* _Task directions_
Transcribe each entry in full, and leave the images out.

* _Exercise input_

_ _ _ _ _

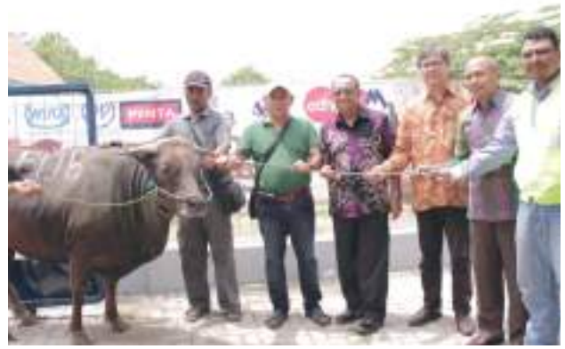
BIJB Tebar Berkah Qurban 2016
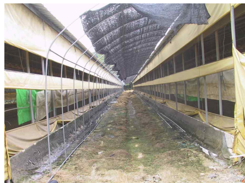
<계사 서향에 그늘막 설치>
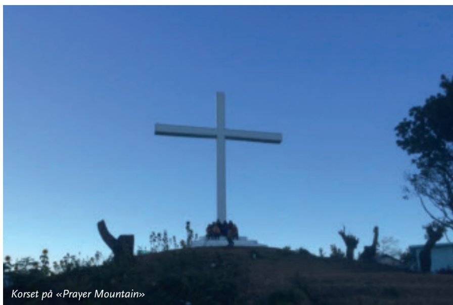
Korset på «Prayer Mountain»

Gjennom å få en mangfoldig universitetsutdanning på plass, ønsker man også å løfte delstatens næringsliv, arbeidsmuligheter og infrastruktur. Dette er et stort og dristig prosjekt, og vi ønsker å være med!
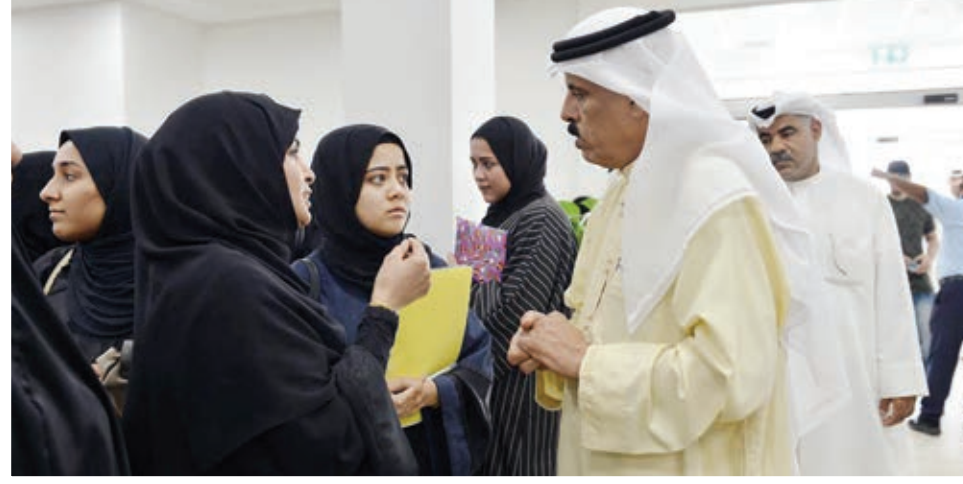
○ وزير التربية يتحدث إلى طالبات مترشحات للبعثات.

وزار الوزير مركز خدمات المراجعين بالوزارة، والتقى بالطلبة المتفوقين وأولياء أمورهم، مشيداً بما أبدوه من حرص على استكمال متطلبات تثقيف البعثات والمنح ومن تنفيذ بالتعليمات والتوجيهات

_ _ _ _ _

* _Task output_
BIJB Tebar Berkah Qurban 2016
<계사 서향에 그늘막 설치>
Korset på «Prayer Mountain»

Gjennom å få en mangfoldig universitetsutdanning på plass, ønsker man også å løfte delstatens næringsliv, arbeidsmuligheter og infrastruktur. Dette er et stort og dristig prosjekt, og vi ønsker å være med!
○ وزير التربية يتحدث إلى طالبات مترشحات للبعثات.

وزار الوزير مركز خدمات المراجعين بالوزارة، والتقى بالطلبة المتفوقين وأولياء أمورهم، مشيداً بما أبدوه من حرص على استكمال متطلبات تثقيف البعثات والمنح ومن تنفيذ بالتعليمات والتوجيهات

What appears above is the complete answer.